With the images set aside, retype every record below character for character.

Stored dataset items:
"""

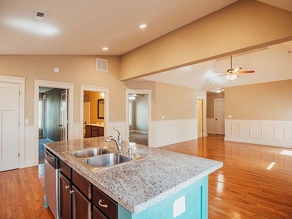 Inside, you'll find an open floor plan featuring vaulted ceilings that add a touch of elegance and plenty of natural light. The kitchen boasts a large island with granite countertops and a double sinkideal for easy meal prep and entertaining. Stainless steel appliances and ample cabinet space complete the chef's kitchen.
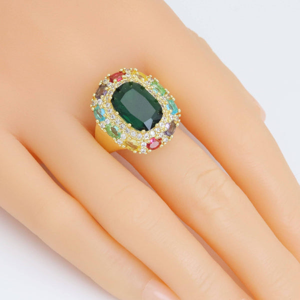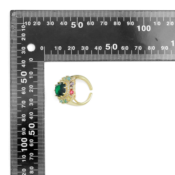 Gold Colorful CZ Oval Emerald Statement Adjustable Ring, Sku#LX545
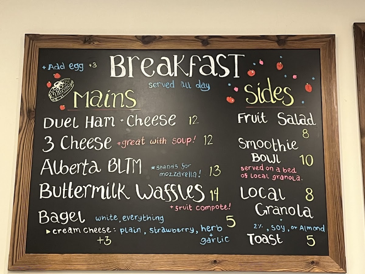 Highlighted on the menu are mouthwatering mains like the Alberta BLTM for CA$13.00, the cheesy 3 Cheese option for CA$12.00, and the indulgent Buttermilk Waffles at CA$14.00. With sides like fruit salad priced at CA$8.00, there’s something for everyone.
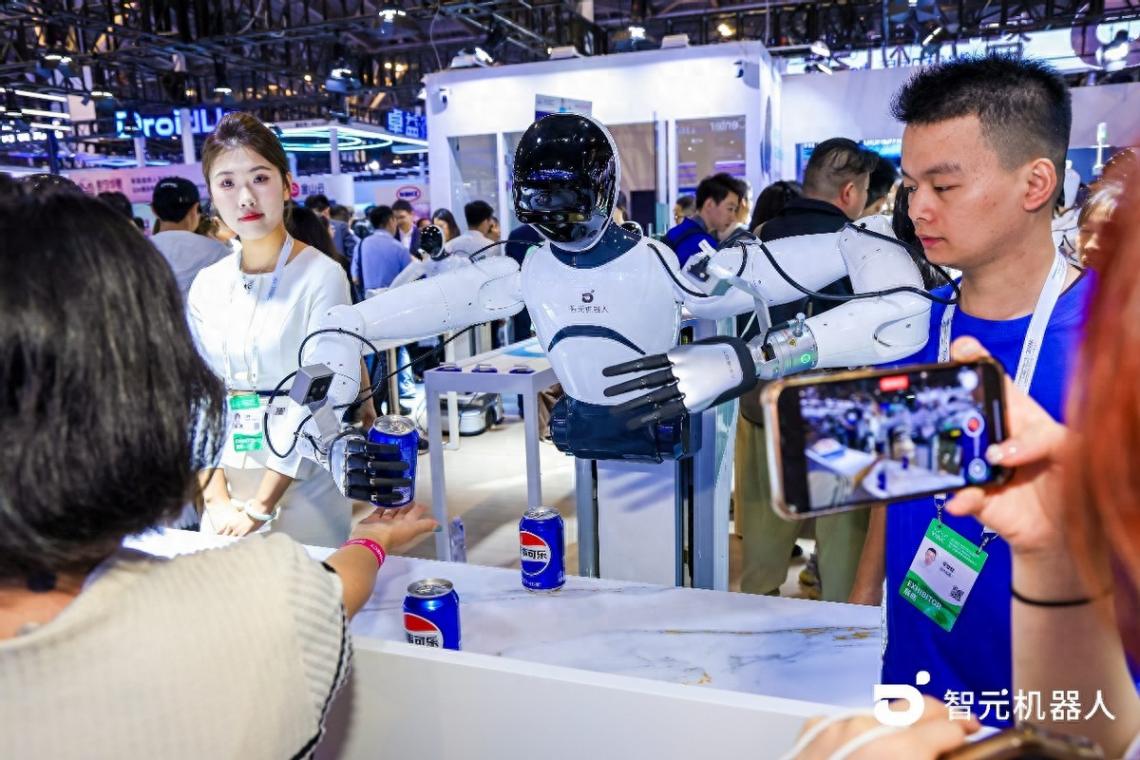 智元機器人展臺現(xiàn)場,精靈G1機器人正在給觀眾遞送可樂
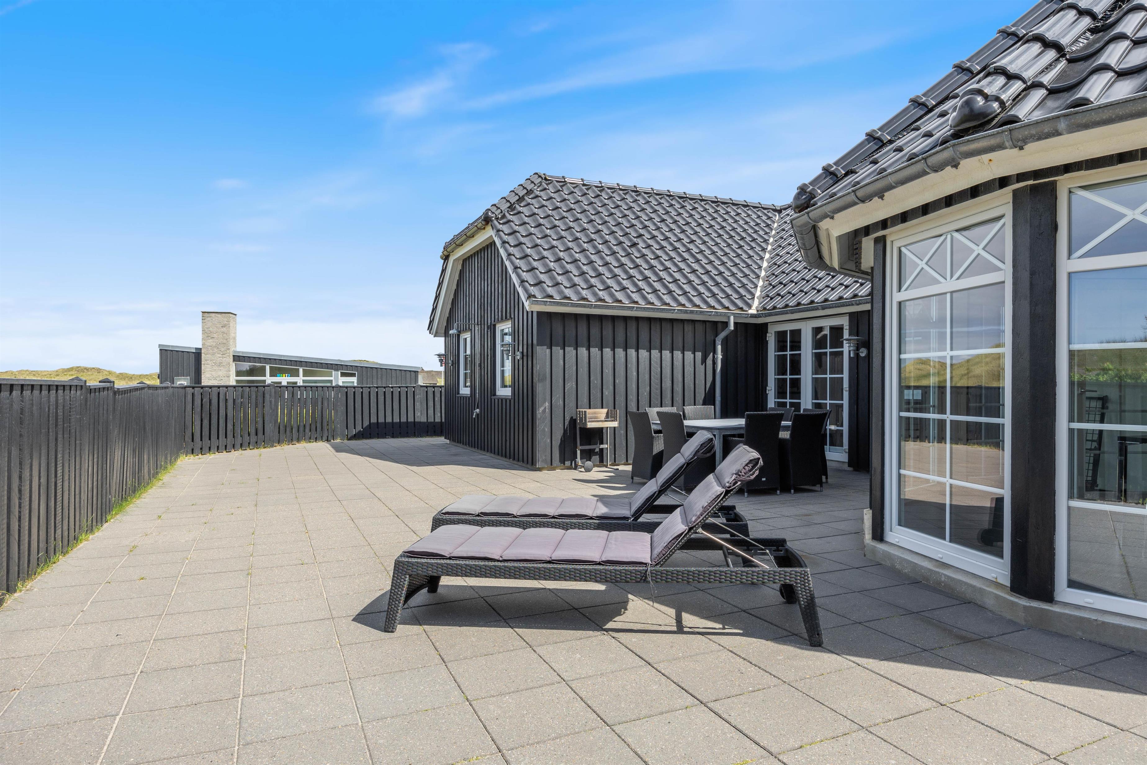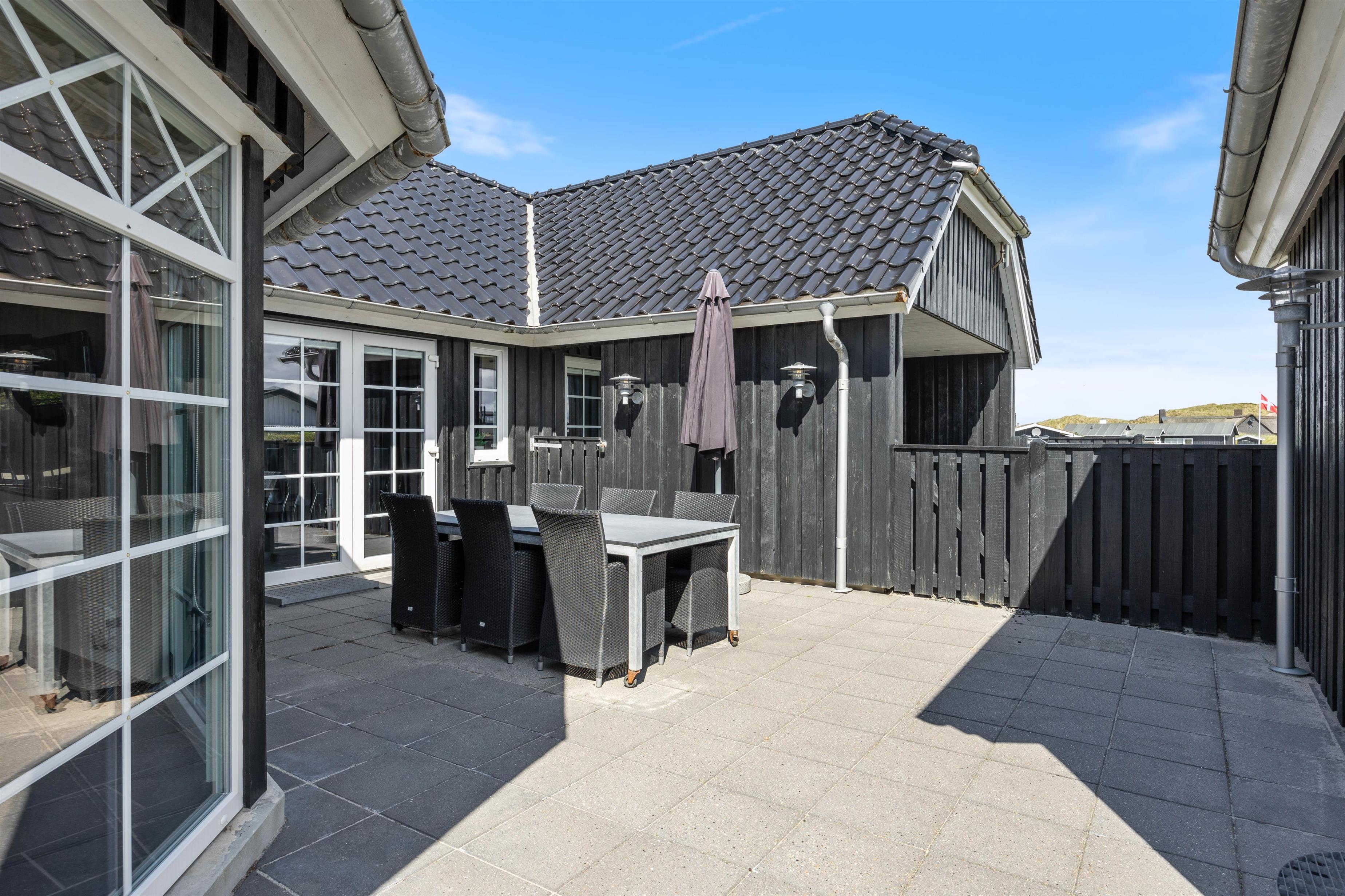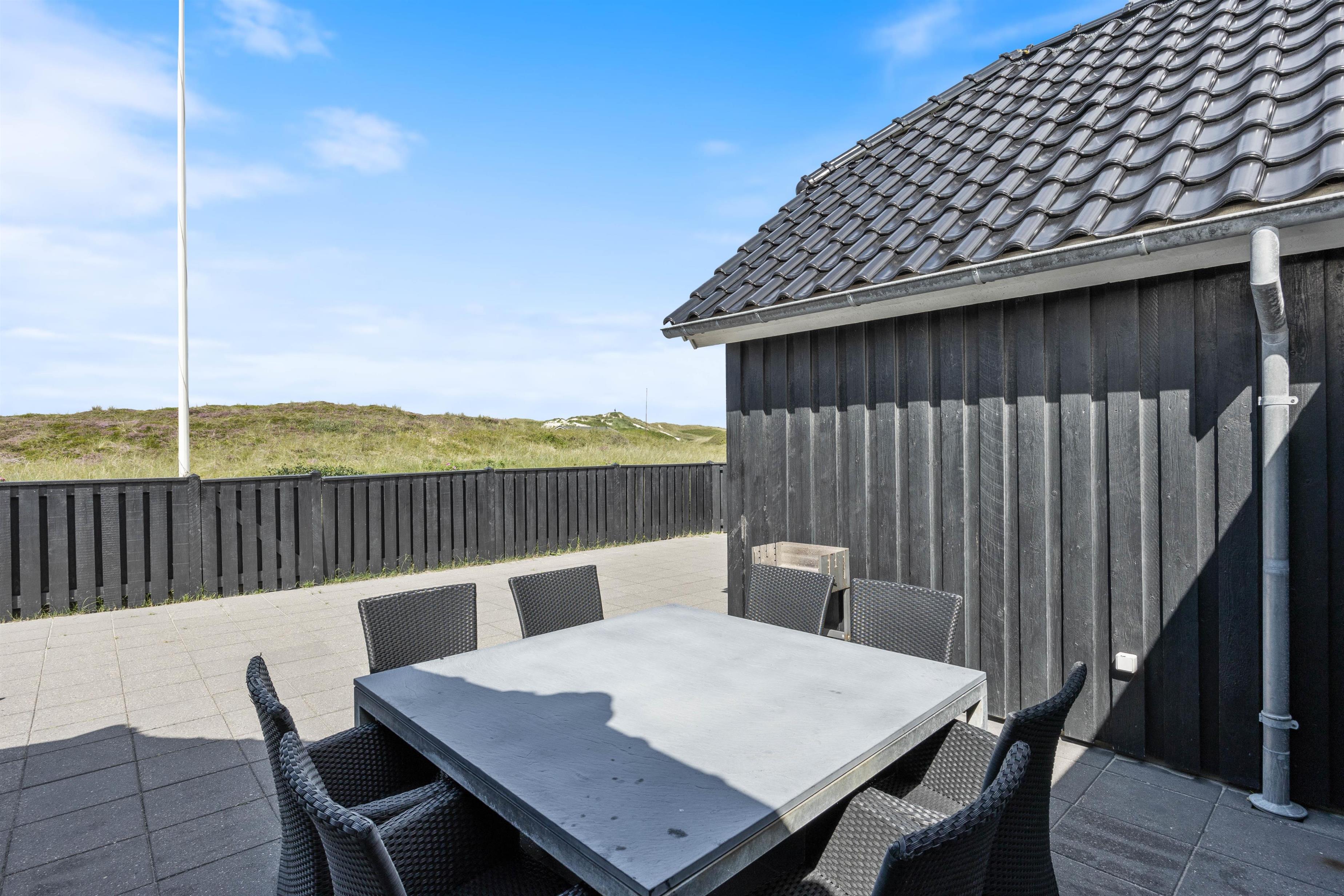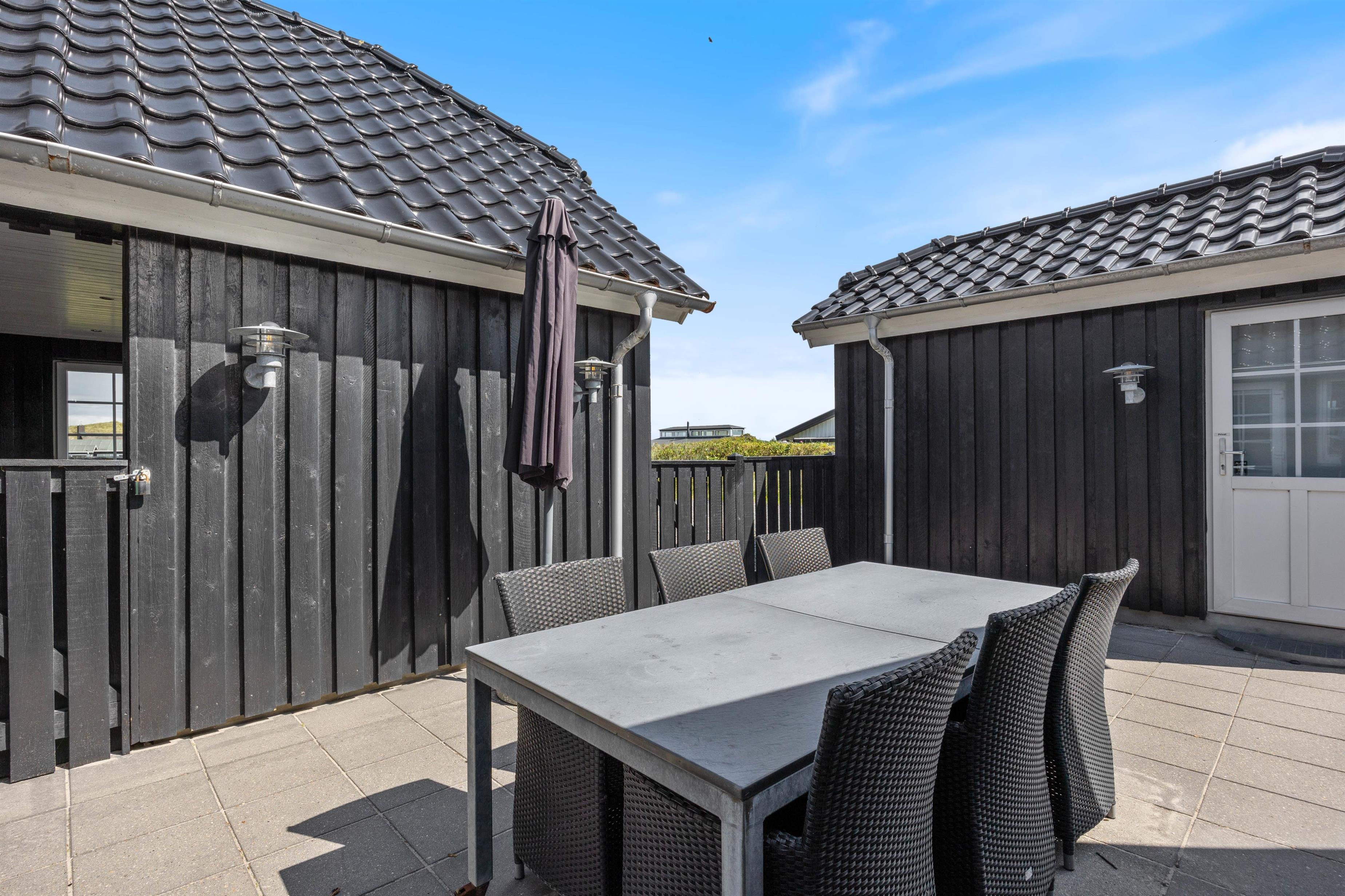 Der hører en en meget skøn terrasse til dette dejlige feriehus. Den er helt lukket, så både børn og hund kan færdes frit omkring og hele familien kan føle sig i trygge omgivelser. Derudover er der mulighed for at nyde solen hele dagen, ligesom der altid vil være mulighed for at finde læ, idet husets arkitektur danner grundlag for læfyldte områder. På terrassen er der endvidere en udebruser, så sandet kan skylles af efter turen til stranden. I perioden fra april til november kan udebruseren bruges.

"""

**Your solution**
 Inside, you'll find an open floor plan featuring vaulted ceilings that add a touch of elegance and plenty of natural light. The kitchen boasts a large island with granite countertops and a double sinkideal for easy meal prep and entertaining. Stainless steel appliances and ample cabinet space complete the chef's kitchen.
 Gold Colorful CZ Oval Emerald Statement Adjustable Ring, Sku#LX545
 Highlighted on the menu are mouthwatering mains like the Alberta BLTM for CA$13.00, the cheesy 3 Cheese option for CA$12.00, and the indulgent Buttermilk Waffles at CA$14.00. With sides like fruit salad priced at CA$8.00, there’s something for everyone.
 智元機器人展臺現(xiàn)場,精靈G1機器人正在給觀眾遞送可樂
 Der hører en en meget skøn terrasse til dette dejlige feriehus. Den er helt lukket, så både børn og hund kan færdes frit omkring og hele familien kan føle sig i trygge omgivelser. Derudover er der mulighed for at nyde solen hele dagen, ligesom der altid vil være mulighed for at finde læ, idet husets arkitektur danner grundlag for læfyldte områder. På terrassen er der endvidere en udebruser, så sandet kan skylles af efter turen til stranden. I perioden fra april til november kan udebruseren bruges.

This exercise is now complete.